### Exercise
Starting at the line that contains "Le cadre en", quote every line through the end of the entries, word for word, skipping the pictures.

### Source data
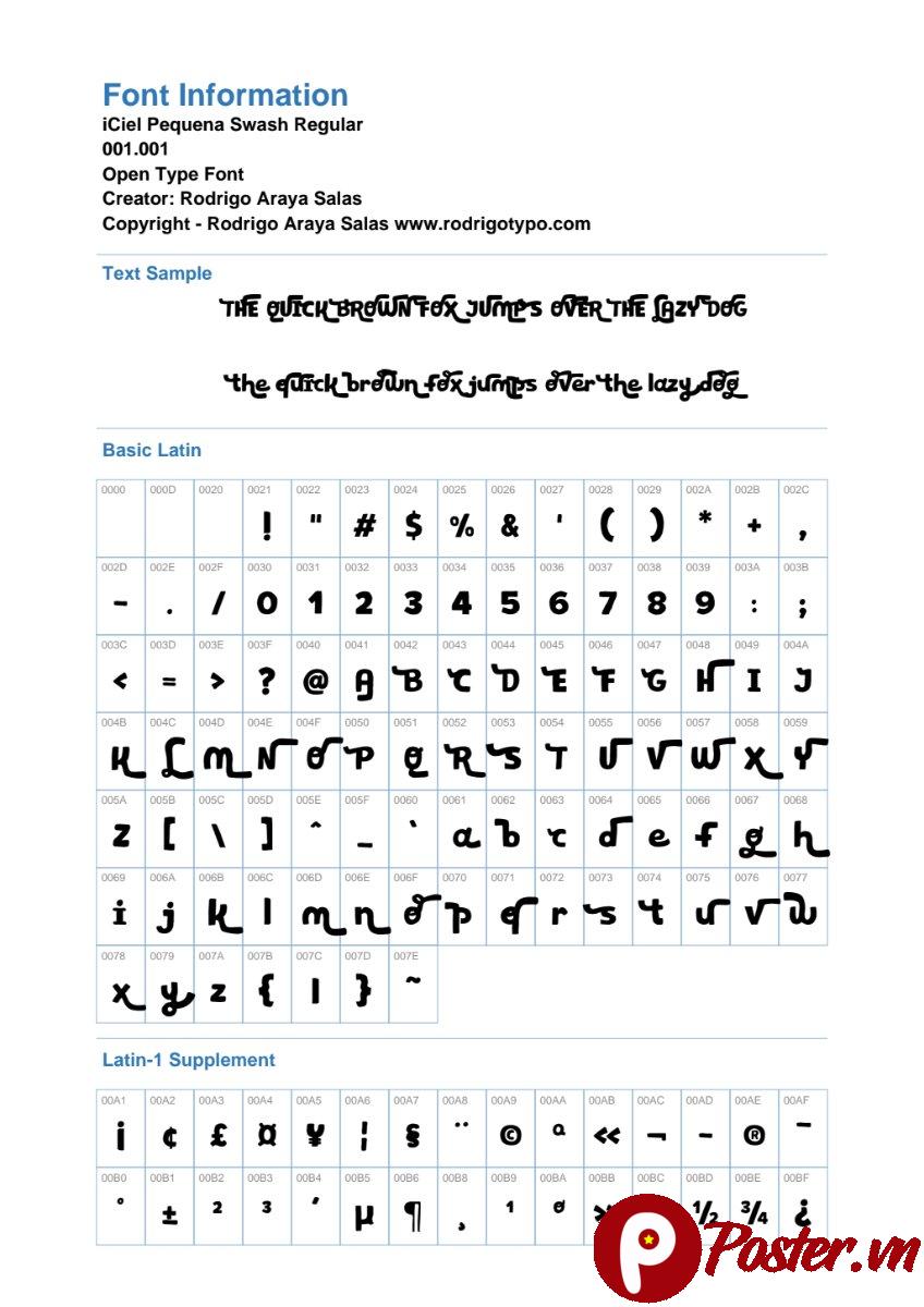 Hãy để Font iCiel Pequena Swash trở thành công cụ đắc lực giúp bạn tạo ra những tác phẩm thiết kế độc đáo, ấn tượng và đầy cá tính. Truy cập Poster.vn ngay hôm nay để khám phá và tải về font chữ tuyệt vời này!
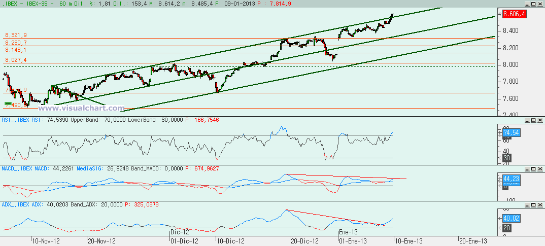 Vayamos ahora con los recuentos. Teníamos la duda, en su momento, de si la corrección desde máximos de septiembre había sido en ABCDE o simplemente en ABC. Si fue en ABCDE, la E terminó en el mínimo de diciembre. Si fue una ABC, entonces terminó en el mínimo de noviembre. Y los recuentos dependen de cuándo comenzara este tramo alcista. Tenemos los dos posibles recuentos en azul si fue una ABCDE y en verde si fue una ABC. En el caso azul habríamos hecho la 1 y la 2 y estaríamos ahora en la 3 cuyo objetivo alcista estaría en el 8.699 si fuera igual a la 1 y en el 9.100 si fuera igual al 162% de la 1. Tenemos en azul un posible canal alcista acelerado que será el que debamos vigilar. No se debe perder ya si queremos que estemos en una 3, pero claro, para eso hay que romper por arriba el canal alcista verde para continuar con el acelerado. En e caso verde habríamos hecho ya la 1 y la 2 en corrección continua y ahora la 3. Una 3 igual a la 1 nos daba el 8.576, pero como hoy ya hemos estado por encima habría que pensar en el 8.912 para ser igual al 162% de la 1.
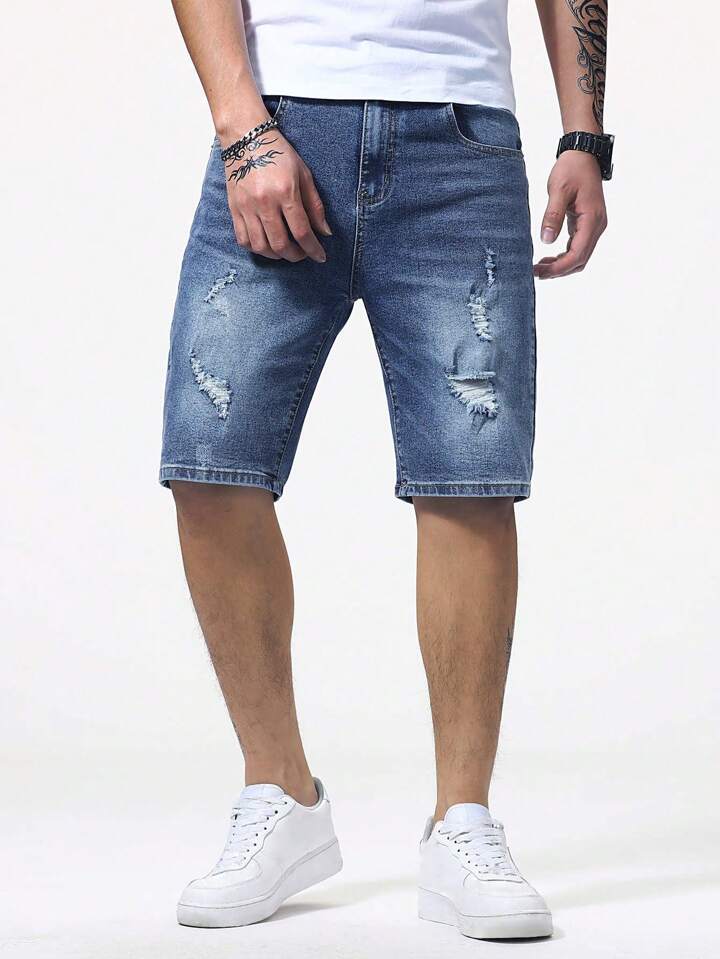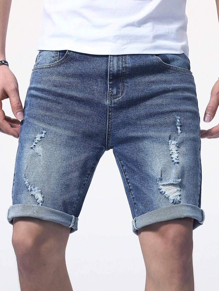 Guys Ripped Rolled Hem Bermuda Denim Shorts
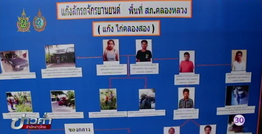 นายไพรัช นางกาญจนา นายชลทิศ ฮังนนท์ นายมานพ ศรีเมือง นายวันชัย ธรรมธร และนายลี นายจอ 2 ชาวพม่า ถูกชุดสืบสวน สภ.คลองหลวง จับกุมพร้อมของกลางรถยนต์ที่ใช้ก่อเหตุลักรถจักรยานยนต์
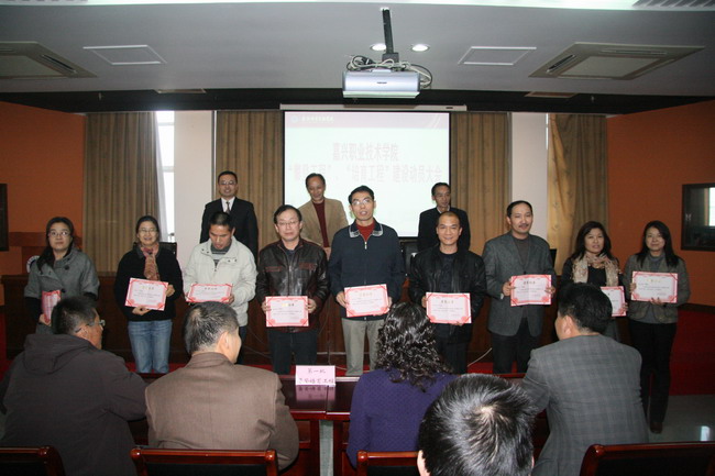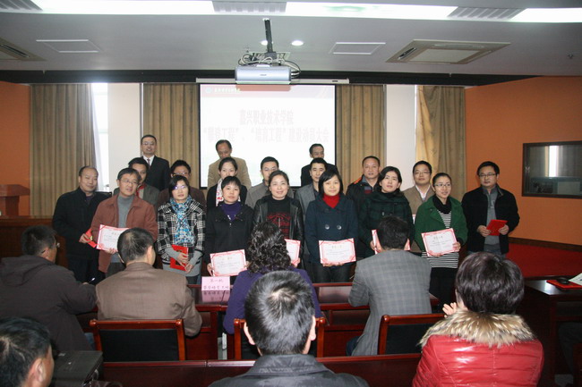隨后,第一批“攀登工程”培養人選張金美、第一批“培育工程”培養人選王顯成分別代表首批“攀登、培育工程”人員做了發表感言,總結了自己入選“攀登、培育工程”一年以來所做的工作和取得的成績,以自己的實際經歷證實了“攀登、培育工程”在促進專業教師的教育教學水平、科研能力和社會服務能力方面所起的作用。接著,李朝敏代表第二批“攀登、培育工程”入選教師發言,決心不斷提高思想覺悟水平,爭做一名值得信任的教師;不斷提高專業技能水平,爭做一名“雙師型”教師;不斷提高科學研究水平,爭做一名專家型教師;不斷提高產學合作水平、爭做一名外向型教師。
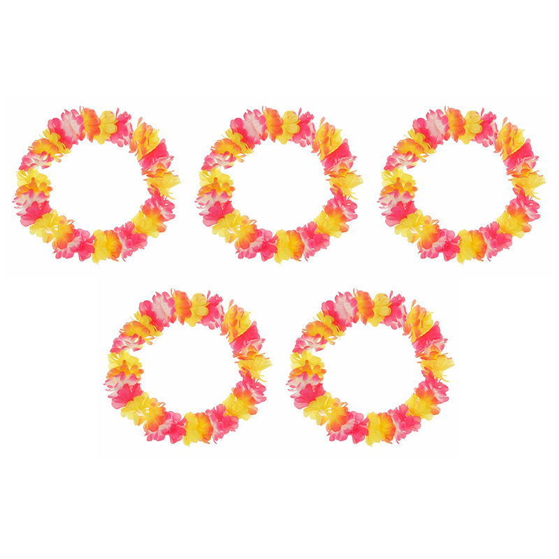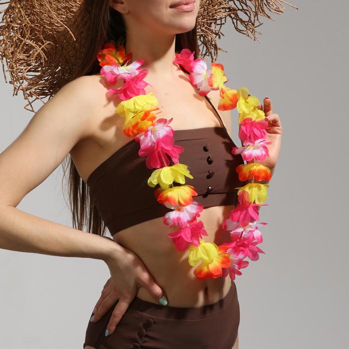 Ожерелье гавайское "Лепестки" (Набор 5 шт.), цвет розовый, желтый, оранжевый
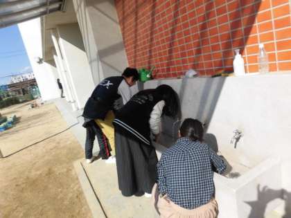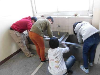 今回は、花王さんより清掃用のシートを提供していただきましたので、学校中の水回りを、ピカピカにすることにしました。
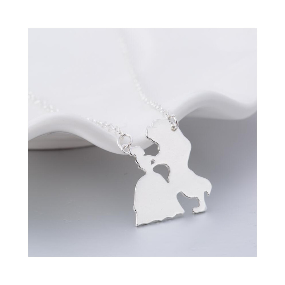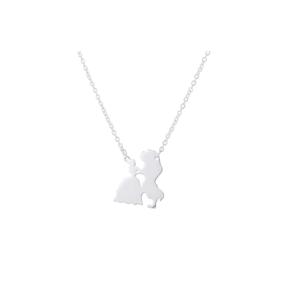 Stříbrný náhrdelník s jemným obrysem páru z pohádky Kráska a zvíře. Stylový doplněk s řetízkem o délce 45 cm, ideální pro romantické duše i milovníky Disney kouzel.
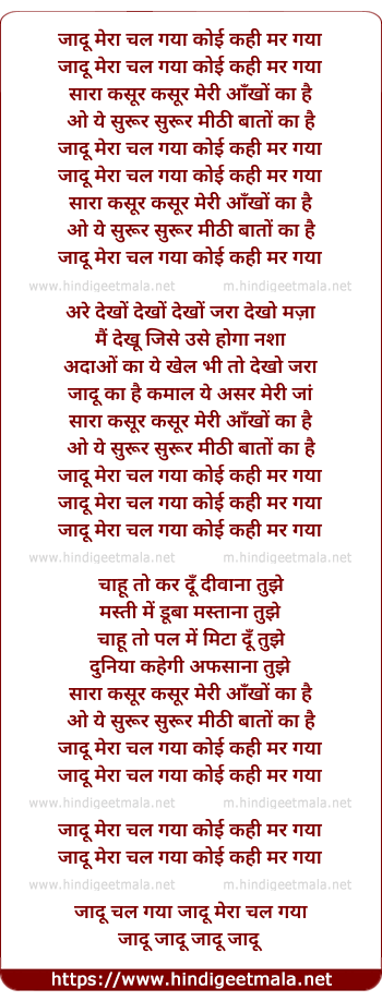 Lyrics of Jadoo - II - जादू मेरा चल गया कोई कही मर गया
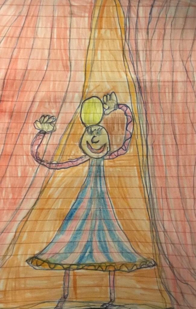Con un paio di pantaloni indiani ho raccontato di un bambino che non riesce a dormire. L’anno scorso a scuola. La casacca verde con il cappuccio è stata perfetta per quest’anno. In febbraio riprenderò una storia di neve con un vestito bianco che chissà che meraviglie ha visto. È incredibile e mi calza a pennello.
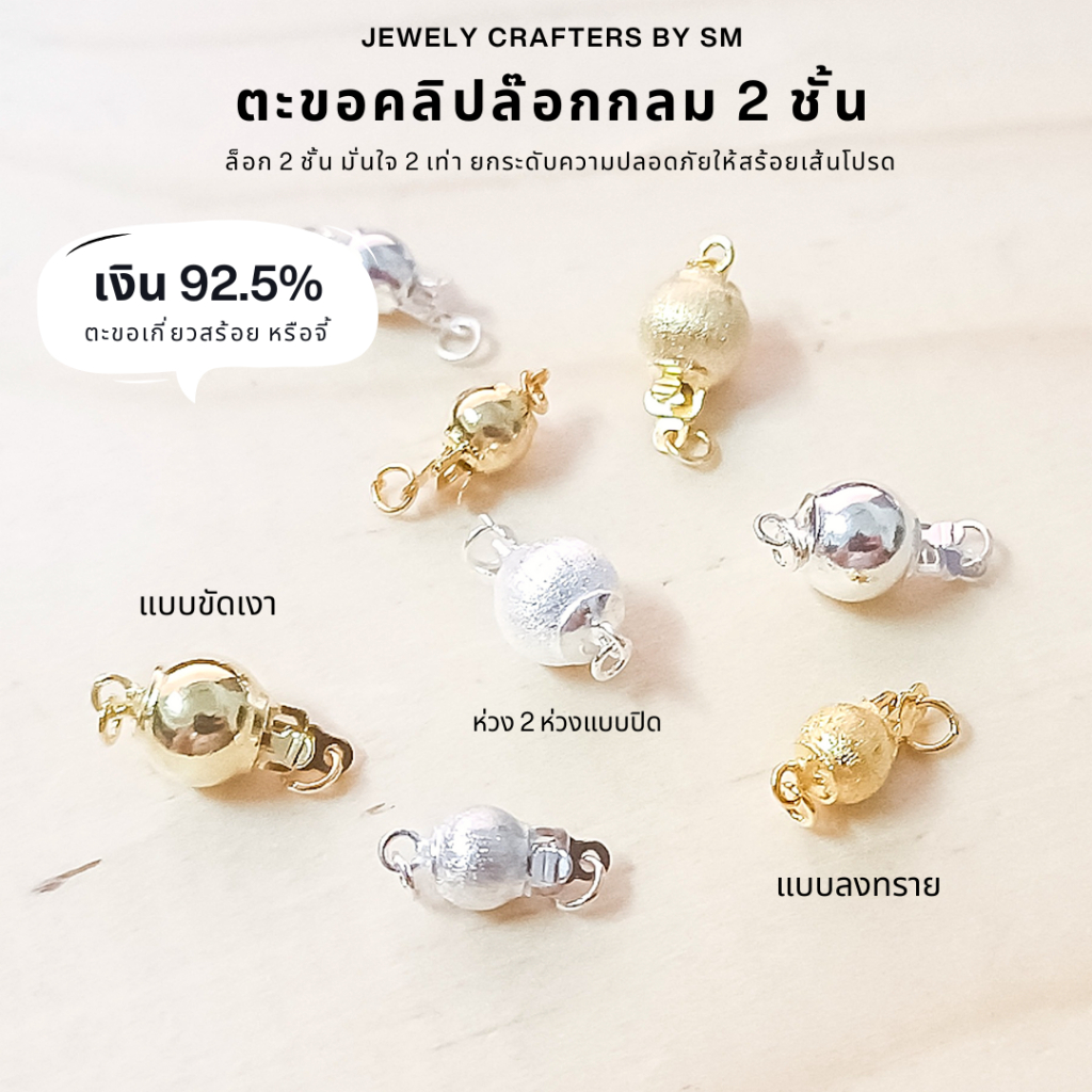SM ตะขอคลิปล็อกกลม 2 ชั้น เงินแท้ 92.5% อะไหล่ตัวล็อกสำหรับสร้อยและจี้
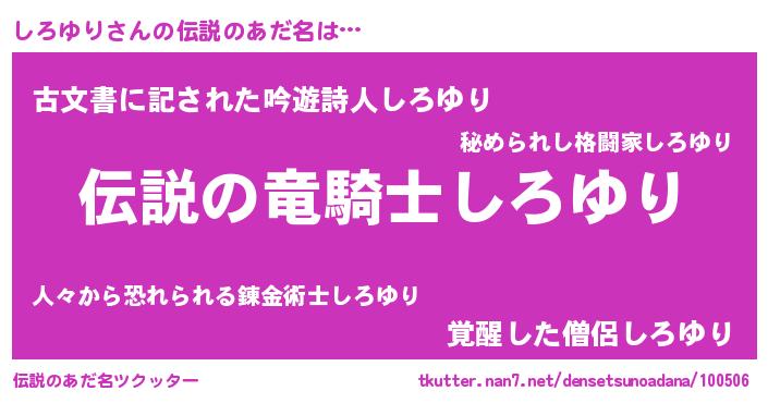 | 胡散臭い通販商品みたいなあだ名 | 『必ず成功するブレスレット…その名も「しろゆり」』 |
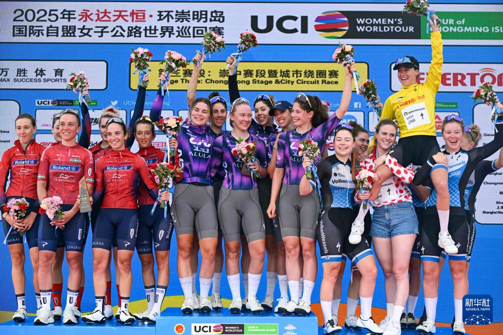当日,2025年环崇明岛国际自盟女子公路世界巡回赛第三赛段(崇中赛段暨城市绕圈赛)在上海市崇明区举行。
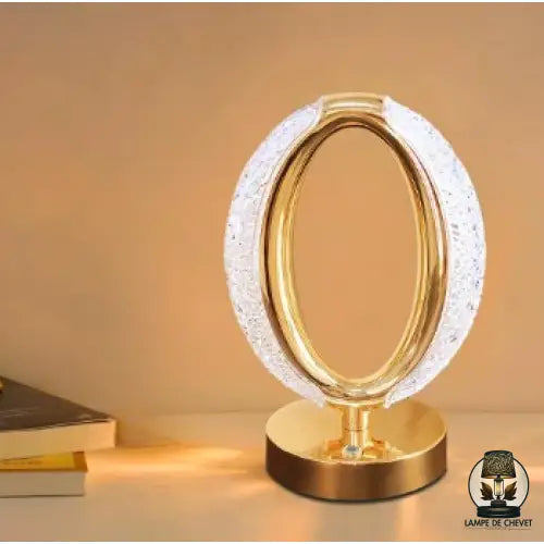 Le cadre en mĂ©tal dorĂ© et lâabat-jour en acrylique texturĂ© rappellent le cristal.
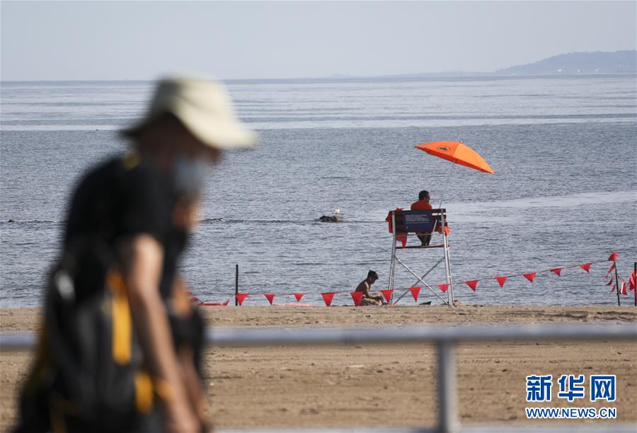 7月1日,救生員在美國(guó)紐約科尼島的一處海灘查看海面情況。當(dāng)日,美國(guó)紐約市屬八處海灘正式重新準(zhǔn)許民眾游泳,救生員也同時(shí)上崗。新華社記者王迎攝

### Output
 Le cadre en mĂ©tal dorĂ© et lâabat-jour en acrylique texturĂ© rappellent le cristal.
 7月1日,救生員在美國(guó)紐約科尼島的一處海灘查看海面情況。當(dāng)日,美國(guó)紐約市屬八處海灘正式重新準(zhǔn)許民眾游泳,救生員也同時(shí)上崗。新華社記者王迎攝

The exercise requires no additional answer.